Structural Constraints, Spandrels, and Exaptation 1275
on Darwinian individuals at several nested levels: Future flexibilities cannot be
targets of conventional organismal selection; nor can such an attribute enter any
calculation of the differential organismal fitness that fuels Darwin's mechanism. But
this conclusion does not imply that attributes of evolvability must remain uninvolved
as agents in any form of selection—for the most commonly cited components of
evolvability can act as positive traits to enhance the fitness of species-individuals in
selection at the species level. Just consider the two most widely recognized boosts to
evolvability at the species level: the propensity of some species to generate relatively
more daughter species, and the resistance to extinction conferred upon some species
by such organismal features as generalized anatomy and wide ecological tolerance.
These two properties represent the primary analogs, at the species level, of the two
cardinal attributes—birth rates and death rates—that virtually define the fitness of
organisms in the calculus of Darwinian benefits for traits that must ultimately express
their selective advantages by correlation with enhanced birth or retarded death of
organisms. Organismal selection cannot craft propensities for speciation or
resistances to extinction in any direct way, but these properties act as primary
features in the higher-level process of species selection, and therefore figure
prominently and directly in the calculus of selective advantage under hierarchical
models.
But a potential problem still remains.
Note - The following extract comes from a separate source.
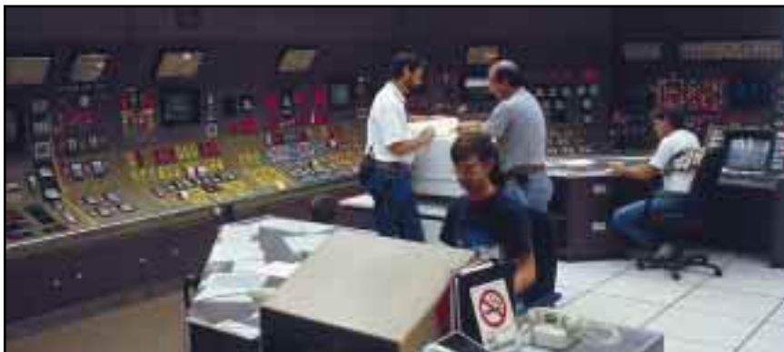
Control room personnel monitor plant operations.

Species selection can certainly utilize and
maintain these important traits of species-individuals, but species selection cannot
always fashion such traits, especially when they emerge into this higher level as
spandrels of selection upon organisms—as must occur when emergent fitness at the
species level resides in the higher-level expression of organismal traits that can only
originate by conventional organismal selection (see Lloyd and Gould, 1993; Gould
and Lloyd, 1999 for an analysis of the logic of this issue). For example, in the case
cited above, the enhanced resistance of a species to extinction emerges as a
consequence of such organismal traits as generalized anatomy and broad
physiological tolerance.
But when we probe further, and draw the appropriate analogy to the level we
understand best, we recognize that ability to utilize, combined with inability to
fashion, represents a norm within Darwinian theory, not a distinctive anomaly
provoked by evolvability at the species level. Ordinary natural selection doesn't
manufacture its variational raw material either. Darwinians have always understood
that their theory's most quirky, most original, and most brilliant intellectual "move"
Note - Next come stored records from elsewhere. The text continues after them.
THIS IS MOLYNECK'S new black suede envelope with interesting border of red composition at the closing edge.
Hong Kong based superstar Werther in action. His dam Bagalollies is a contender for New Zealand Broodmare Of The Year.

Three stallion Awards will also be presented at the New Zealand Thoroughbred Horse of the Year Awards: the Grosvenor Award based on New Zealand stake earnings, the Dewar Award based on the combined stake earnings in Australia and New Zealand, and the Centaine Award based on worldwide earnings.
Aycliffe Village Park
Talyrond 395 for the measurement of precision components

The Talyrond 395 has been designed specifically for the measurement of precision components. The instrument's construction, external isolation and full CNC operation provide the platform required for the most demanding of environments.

explains how a process that creates nothing directly can, nonetheless, operate on raw
material of different origin to become a "creative" force in the construction of novel
and useful features. Indeed, I devoted much of Chapter 2 to illustrating how Darwin's
contemporaries rarely grasped this intensely paradoxical, but defining, property of
natural selection's genuine creativity, based only upon its power to enhance or
eliminate, but not to craft variation in a direct and dedicated manner. And I pointed
out that the isotropy (or undirectedness) of variational raw material acts as a
prerequisite for granting natural selection this potentially creative role.